■ Task:
Could you retype the whole listing word for word and drop the images?

■ Data:

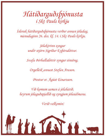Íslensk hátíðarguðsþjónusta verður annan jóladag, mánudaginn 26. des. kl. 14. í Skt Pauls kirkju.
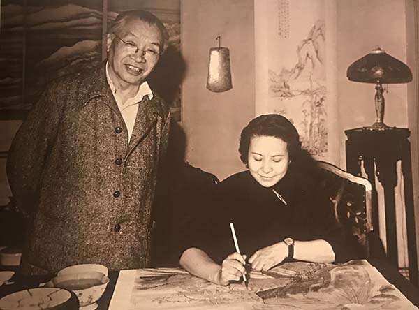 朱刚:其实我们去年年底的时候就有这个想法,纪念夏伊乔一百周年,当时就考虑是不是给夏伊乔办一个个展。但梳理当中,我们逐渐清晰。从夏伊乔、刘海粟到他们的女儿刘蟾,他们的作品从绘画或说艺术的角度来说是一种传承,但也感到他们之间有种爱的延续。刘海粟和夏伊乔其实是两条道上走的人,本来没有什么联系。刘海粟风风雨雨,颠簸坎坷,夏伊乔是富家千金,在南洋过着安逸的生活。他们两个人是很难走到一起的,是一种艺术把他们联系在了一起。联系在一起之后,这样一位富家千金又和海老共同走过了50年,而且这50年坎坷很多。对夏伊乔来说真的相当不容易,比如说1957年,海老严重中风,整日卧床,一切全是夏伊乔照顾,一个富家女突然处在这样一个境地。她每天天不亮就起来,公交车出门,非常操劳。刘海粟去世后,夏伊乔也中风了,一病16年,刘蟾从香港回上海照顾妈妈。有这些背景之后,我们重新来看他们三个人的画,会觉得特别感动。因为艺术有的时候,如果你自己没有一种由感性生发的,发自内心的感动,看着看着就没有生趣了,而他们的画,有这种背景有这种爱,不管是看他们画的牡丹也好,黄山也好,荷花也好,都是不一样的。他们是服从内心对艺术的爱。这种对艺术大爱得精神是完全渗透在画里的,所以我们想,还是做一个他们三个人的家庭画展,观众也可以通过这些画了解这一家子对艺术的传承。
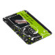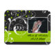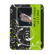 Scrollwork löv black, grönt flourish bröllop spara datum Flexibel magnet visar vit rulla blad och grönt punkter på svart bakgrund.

■ Response area:
Íslensk hátíðarguðsþjónusta verður annan jóladag, mánudaginn 26. des. kl. 14. í Skt Pauls kirkju.
 朱刚:其实我们去年年底的时候就有这个想法,纪念夏伊乔一百周年,当时就考虑是不是给夏伊乔办一个个展。但梳理当中,我们逐渐清晰。从夏伊乔、刘海粟到他们的女儿刘蟾,他们的作品从绘画或说艺术的角度来说是一种传承,但也感到他们之间有种爱的延续。刘海粟和夏伊乔其实是两条道上走的人,本来没有什么联系。刘海粟风风雨雨,颠簸坎坷,夏伊乔是富家千金,在南洋过着安逸的生活。他们两个人是很难走到一起的,是一种艺术把他们联系在了一起。联系在一起之后,这样一位富家千金又和海老共同走过了50年,而且这50年坎坷很多。对夏伊乔来说真的相当不容易,比如说1957年,海老严重中风,整日卧床,一切全是夏伊乔照顾,一个富家女突然处在这样一个境地。她每天天不亮就起来,公交车出门,非常操劳。刘海粟去世后,夏伊乔也中风了,一病16年,刘蟾从香港回上海照顾妈妈。有这些背景之后,我们重新来看他们三个人的画,会觉得特别感动。因为艺术有的时候,如果你自己没有一种由感性生发的,发自内心的感动,看着看着就没有生趣了,而他们的画,有这种背景有这种爱,不管是看他们画的牡丹也好,黄山也好,荷花也好,都是不一样的。他们是服从内心对艺术的爱。这种对艺术大爱得精神是完全渗透在画里的,所以我们想,还是做一个他们三个人的家庭画展,观众也可以通过这些画了解这一家子对艺术的传承。
 Scrollwork löv black, grönt flourish bröllop spara datum Flexibel magnet visar vit rulla blad och grönt punkter på svart bakgrund.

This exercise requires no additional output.